=== Begin Enclosure ===
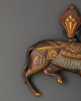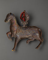 This magnificent Horse Wall Hanging, fashioned from oxidized copper and gold-plated metal, will add strength, grace, and movement to your home. This one-of-a-kind sculpture combines classic workmanship with rustic beauty, having been expertly hand-painted in acrylic hues. The exquisite artwork portrays the horse's spirit, representing freedom, power, and endurance, making it an ideal piece of spiritual animal wall art for any house, meditation room, or holy location. Whether you love horses or enjoy symbolic design, this wall hanging adds bright vitality and depth to your space.
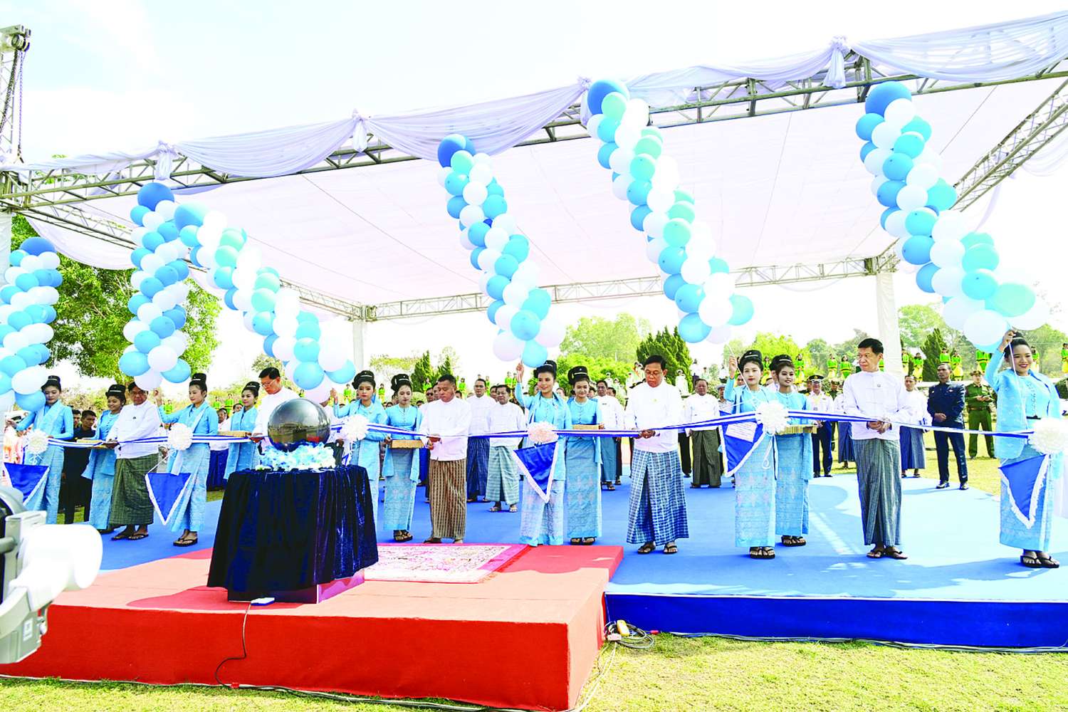 ထို့နောက် ကော်မရှင်အတွင်းရေးမှူး ဗိုလ်ချုပ်ကြီး ရဲဝင်းဦး၊ ပို့ဆောင်ရေးနှင့် ဆက်သွယ်ရေးဝန်ကြီးဌာန ပြည်ထောင်စုဝန်ကြီး ဦးမြထွန်းဦး၊ စက်မှုဝန်ကြီးဌာန ပြည်ထောင်စုဝန်ကြီး ဒေါက်တာချာလီသန်း၊ ဆောက်လုပ်ရေးဝန်ကြီးဌာန ပြည်ထောင်စုဝန်ကြီး ဦးမျိုးသန့်နှင့် မန္တလေးတိုင်းဒေသကြီးဝန်ကြီးချုပ် ဦးမျိုးအောင်တို့က အခမ်းအနားကို ဖဲကြိုးဖြတ်ဖွင့်လှစ်ပေးကြသည်။
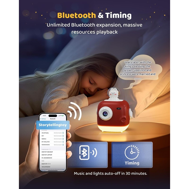 - BEDTIME STORYTELLER TIME: Both little girls and boys like to fall asleep listening to stories. This storybook projector gift satisfies their bedtime wishes. A story every day before going to bed, let your child enter a sweet dreamland. It can also be used as night light lamps to help overcome childrens fear of darkness. The product adds Bluetooth function, which can connect the mobile phone, listen to children's radio and social radio, and can also be used as a Bluetooth small speaker.
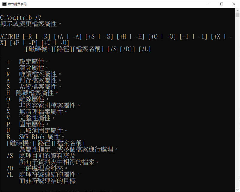 首頁操作技巧Windows 指令 [ 命令提示字元 ]如何利用 attrib.exe 指令,隱藏檔案或資料夾? 想要在 Windows 系統內隱藏檔案或資料夾,有些人會使用像是 Free Hide Folder 工具協助,若偶而使用時,其實可以利用 Windows 系統內建的 attrib 指令,便可改變檔案或資料夾的屬性,達到隱藏檔案或資料夾的目地,不過使用這種方法也並非萬無一失,須注意較容易被其他人取消隱藏的屬性,而顯示出受保護的檔案或資料夾,可參閱 [ Windows]如何顯示檔案的副檔名及被隱藏保護的檔案。 🔔 不錯過任何精彩! 立即訂閱我們的 LINE 官方帳號 每次發佈新文章時,您將會第一時間收到本站文章連結通知,輕鬆掌握最新資訊! 使用 LINE 追蹤文章更新 §相關文章,還可以參閱:如何測試 SSD 速度?Windows 內建指令一行搞定硬碟測速如何在 Windows 中一次建立多個資料夾如何在 Windows 中使用 PowerShell 列出軟體安裝與解除安裝記錄如何使用「命令提示字元」或「PowerShell」指令取得目前 CPU 溫度?「Windows PowerShell」如何將指令結果直接輸出成文字檔? 如何使用 attrib.exe 指令,隱藏檔案或資料夾? 1.開啟「命令提示字元」,輸入 attrib /? 後,按下鍵盤的 Enter 鍵,便可列出相關參數用法。 2.假設 d 磁碟機下有一 privatephoto 資料夾,我們想對其隱藏,便可以使用 attrib.exe +S +H D:\privatephoto 指令,可參考如下範例。 3.若要刪除該屬性,同樣指令 + 改成 - 號即可。 4.如果資料夾名稱內含有空格時,例如 D:\private photo 則需要使用雙引號刮住成 attrib.exe +S +H "D:\private photo"。
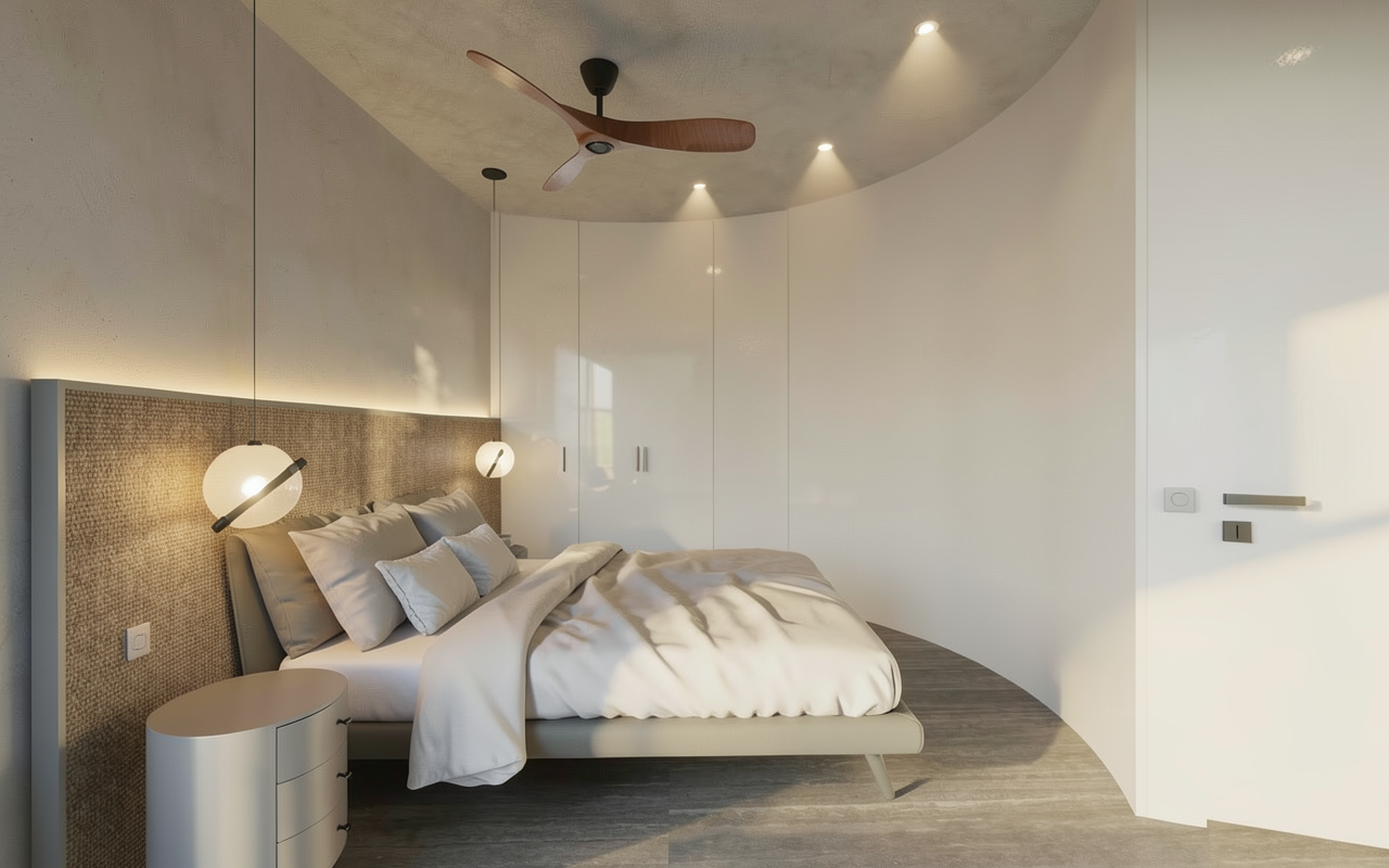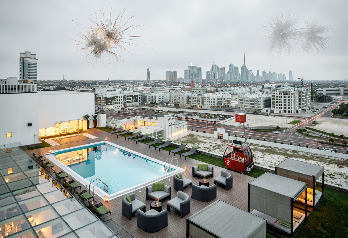 exterior shot auditorium interior please follow the model geometry fill seatings and apply textures and colours led light from vertical panel edges black ceiling with spotlights
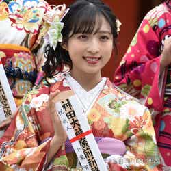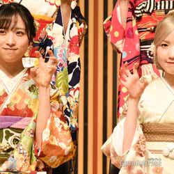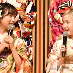 石綿:私はファンの頃に毎年見ていた成人式にこうして一員として一生に一度の大切な成人式を迎えて嬉しく思っています。私は自信満々でかっこいい女性に憧れているのでそうなれるように頑張ります。今日の振袖はここ(胸上)に小さいお花が2つついているのでそこが注目ポイントだと思っています。これからも感謝の気持ちを忘れず大人の自覚を持って頑張っていこうと思います。
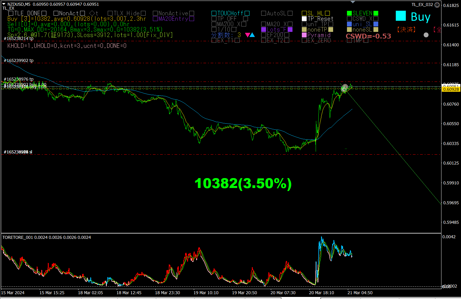 その後、順調に上に伸びてきました。自動分割エントリーが3本とも動作して、買いポジションのロット数が3.00になりました。含み益が\10,382出ているので、欲張って3本のTPを、直近安値、一つ前の直近安値、もう一つ前の直近安値に設定し直しました。安全安心の為、SL建値設定もONにしておきます。
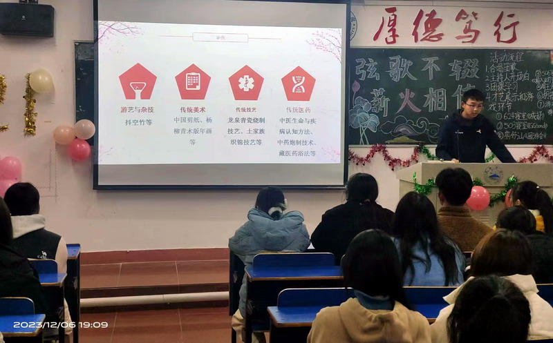 非物质文化遗产既是历史发展的见证,又是珍贵的、具有重要价值的文化资源。我国非物质文化遗产所蕴含的中华民族特有的精神价值、思维方式、想象力和文化意识,是维护我国文化身份和文化主权的基本依据。加强非物质文化遗产保护,不仅是国家和民族发展的需要,也是国际社会文明对话和人类社会可持续发展的必然要求。活动中,各班团支书通过PPT演示和视频播放等形式,向同学们生动讲述了中华传统文化的历史和发展,讲解传承文化、弘扬传统的重要性,在同学们心中播下了保护非遗文化的种子。期间,有的班级还开展了传统文化知识竞赛,通过问答的形式,加深了同学们对传统文化的了解;有的班级开展了传统文化才艺展示,同学们通过剧目演绎、诗歌朗诵、舞蹈表演、手抄报等形式,情景式体验非遗魅力,展现对传统文化的热爱,也进一步加深了同学们对中华优秀非遗文化的认同感。
=== End Enclosure ===
Could you print the material above word for word and skip the images?

» **Output**
 This magnificent Horse Wall Hanging, fashioned from oxidized copper and gold-plated metal, will add strength, grace, and movement to your home. This one-of-a-kind sculpture combines classic workmanship with rustic beauty, having been expertly hand-painted in acrylic hues. The exquisite artwork portrays the horse's spirit, representing freedom, power, and endurance, making it an ideal piece of spiritual animal wall art for any house, meditation room, or holy location. Whether you love horses or enjoy symbolic design, this wall hanging adds bright vitality and depth to your space.
 ထို့နောက် ကော်မရှင်အတွင်းရေးမှူး ဗိုလ်ချုပ်ကြီး ရဲဝင်းဦး၊ ပို့ဆောင်ရေးနှင့် ဆက်သွယ်ရေးဝန်ကြီးဌာန ပြည်ထောင်စုဝန်ကြီး ဦးမြထွန်းဦး၊ စက်မှုဝန်ကြီးဌာန ပြည်ထောင်စုဝန်ကြီး ဒေါက်တာချာလီသန်း၊ ဆောက်လုပ်ရေးဝန်ကြီးဌာန ပြည်ထောင်စုဝန်ကြီး ဦးမျိုးသန့်နှင့် မန္တလေးတိုင်းဒေသကြီးဝန်ကြီးချုပ် ဦးမျိုးအောင်တို့က အခမ်းအနားကို ဖဲကြိုးဖြတ်ဖွင့်လှစ်ပေးကြသည်။
 - BEDTIME STORYTELLER TIME: Both little girls and boys like to fall asleep listening to stories. This storybook projector gift satisfies their bedtime wishes. A story every day before going to bed, let your child enter a sweet dreamland. It can also be used as night light lamps to help overcome childrens fear of darkness. The product adds Bluetooth function, which can connect the mobile phone, listen to children's radio and social radio, and can also be used as a Bluetooth small speaker.
 首頁操作技巧Windows 指令 [ 命令提示字元 ]如何利用 attrib.exe 指令,隱藏檔案或資料夾? 想要在 Windows 系統內隱藏檔案或資料夾,有些人會使用像是 Free Hide Folder 工具協助,若偶而使用時,其實可以利用 Windows 系統內建的 attrib 指令,便可改變檔案或資料夾的屬性,達到隱藏檔案或資料夾的目地,不過使用這種方法也並非萬無一失,須注意較容易被其他人取消隱藏的屬性,而顯示出受保護的檔案或資料夾,可參閱 [ Windows]如何顯示檔案的副檔名及被隱藏保護的檔案。 🔔 不錯過任何精彩! 立即訂閱我們的 LINE 官方帳號 每次發佈新文章時,您將會第一時間收到本站文章連結通知,輕鬆掌握最新資訊! 使用 LINE 追蹤文章更新 §相關文章,還可以參閱:如何測試 SSD 速度?Windows 內建指令一行搞定硬碟測速如何在 Windows 中一次建立多個資料夾如何在 Windows 中使用 PowerShell 列出軟體安裝與解除安裝記錄如何使用「命令提示字元」或「PowerShell」指令取得目前 CPU 溫度?「Windows PowerShell」如何將指令結果直接輸出成文字檔? 如何使用 attrib.exe 指令,隱藏檔案或資料夾? 1.開啟「命令提示字元」,輸入 attrib /? 後,按下鍵盤的 Enter 鍵,便可列出相關參數用法。 2.假設 d 磁碟機下有一 privatephoto 資料夾,我們想對其隱藏,便可以使用 attrib.exe +S +H D:\privatephoto 指令,可參考如下範例。 3.若要刪除該屬性,同樣指令 + 改成 - 號即可。 4.如果資料夾名稱內含有空格時,例如 D:\private photo 則需要使用雙引號刮住成 attrib.exe +S +H "D:\private photo"。
 exterior shot auditorium interior please follow the model geometry fill seatings and apply textures and colours led light from vertical panel edges black ceiling with spotlights
 石綿:私はファンの頃に毎年見ていた成人式にこうして一員として一生に一度の大切な成人式を迎えて嬉しく思っています。私は自信満々でかっこいい女性に憧れているのでそうなれるように頑張ります。今日の振袖はここ(胸上)に小さいお花が2つついているのでそこが注目ポイントだと思っています。これからも感謝の気持ちを忘れず大人の自覚を持って頑張っていこうと思います。
 その後、順調に上に伸びてきました。自動分割エントリーが3本とも動作して、買いポジションのロット数が3.00になりました。含み益が\10,382出ているので、欲張って3本のTPを、直近安値、一つ前の直近安値、もう一つ前の直近安値に設定し直しました。安全安心の為、SL建値設定もONにしておきます。
 非物质文化遗产既是历史发展的见证,又是珍贵的、具有重要价值的文化资源。我国非物质文化遗产所蕴含的中华民族特有的精神价值、思维方式、想象力和文化意识,是维护我国文化身份和文化主权的基本依据。加强非物质文化遗产保护,不仅是国家和民族发展的需要,也是国际社会文明对话和人类社会可持续发展的必然要求。活动中,各班团支书通过PPT演示和视频播放等形式,向同学们生动讲述了中华传统文化的历史和发展,讲解传承文化、弘扬传统的重要性,在同学们心中播下了保护非遗文化的种子。期间,有的班级还开展了传统文化知识竞赛,通过问答的形式,加深了同学们对传统文化的了解;有的班级开展了传统文化才艺展示,同学们通过剧目演绎、诗歌朗诵、舞蹈表演、手抄报等形式,情景式体验非遗魅力,展现对传统文化的热爱,也进一步加深了同学们对中华优秀非遗文化的认同感。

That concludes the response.